Yes, sorry, the math isn't exactly correct (I was trying different equasions for hours, this was the last). But the problem isn't the math, the problem is that WorldToScreenPoint is giving me see$$anonymous$$gly random(but consistent) values (often negative) for objects that I clicked wihtin the camera's view- ergo by definition those should be somewhere between 0 and screen resolution.
So have you tried placing a Debug.Log statement after this line:
Vector2 PromptPosition = TargetCamera.WorldToScreenPoint(PromptTarget);
Debug.Log(
"Input: " + PromptTarget +
" Output: " + PromptPosition +
" \nCamPos: " + TargetCamera.transform.position +
" CamRot: " + TargetCamera.transform.eulerAngles,
TargetCamera.gameObject
);
What exactly does this print out? Also i added the used camera as context object. When you click on the debug message in the console, Unity should ping / highlight the camera object. So you know if you're using the correct camera. Can you copy and paste the result of this log from the console and post it as a comment?
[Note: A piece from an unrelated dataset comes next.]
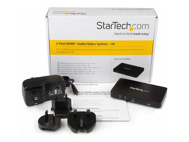 StarTech.com 4K HDMI-video-splitter med 2 portar ? 1x2 HDMI-splitter med hölje i solitt aluminium ? 4K @ 30 Hz
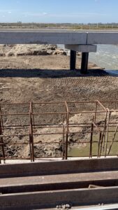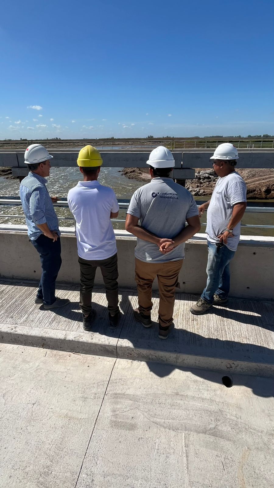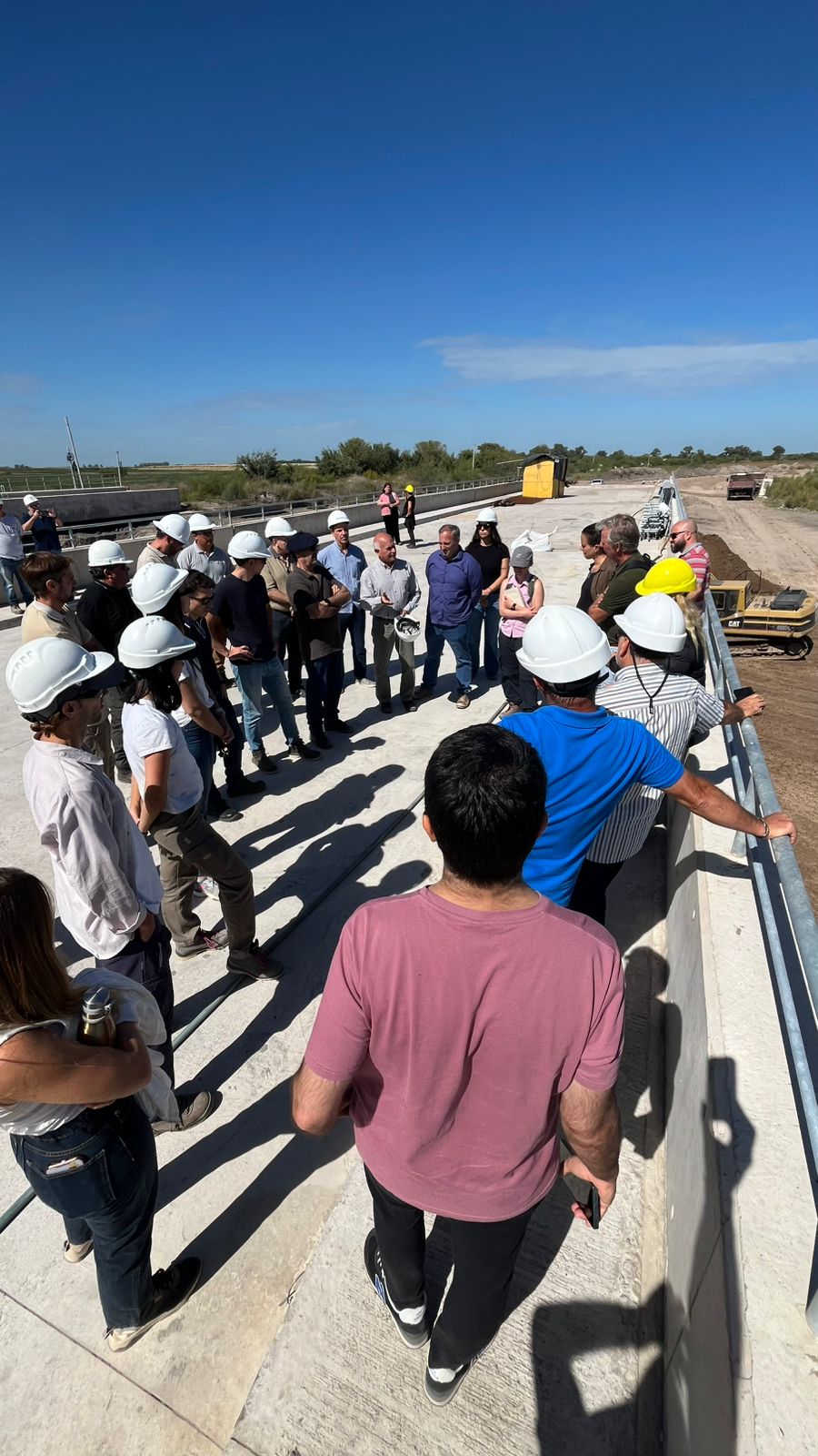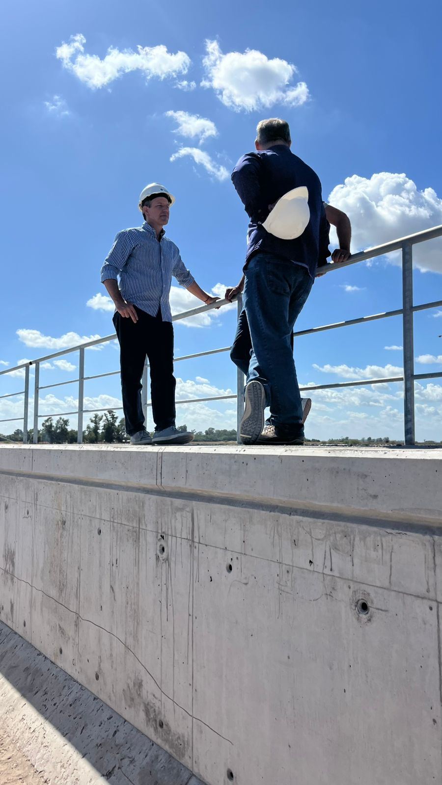 Durante la visita, el ingeniero Mario Borges, jefe de obra de los puentes del río Salado de la Dirección General de Hidráulica de la Provincia de Buenos Aires, explicó que se realizó una inspección técnica para mostrar el progreso de los trabajos.

ps: You haven't said what kind of camera you are using. Do you use an orthographic or a perspective camera?
Yeah, the camera (perspective, main camera, the only one in the scene) was fine. I gave up on this and here's why: I made some more debug scenarios, and came to the conclusion that WorldToScreenPoint doesn't do the thing it advertises. It simply just takes a 3D position, switches two values, multiplies everything by screen resolution, spits it out. (Or something along these lines) Bottom line: It doesn't actually tell you which pixel of the screen a ray from the camera to the target position intersects, it just translates one vector 3 to another. There go 8 hours of my life. Do you maybe know anything that can achieve the above desired effect?
Answer by Tion-Gaming · Mar 16 at 06:58 PM
Sorry to dig up an old thread, but for anyone else who is asking the same question, and confused, the WorldToScreenPoint function will return negative values because the point you are using is off of the screen. The viewport ranges from 0,0 which is the bottom right corner of the screen, to 1,1 with is the top left. If you divided the position by the resolution, you would get the pixel. Since unity needs to work for all sizes of resolution, it chooses to use this method of calculation. To achive what he wants, "Do you maybe know anything that can achieve the above desired effect?" He would just need to check to make sure the returned value lies between 0 and 1 on both axis, otherwise the point isnt visible and should be ignored. Then he should divide the point by the current screen resolution and bam.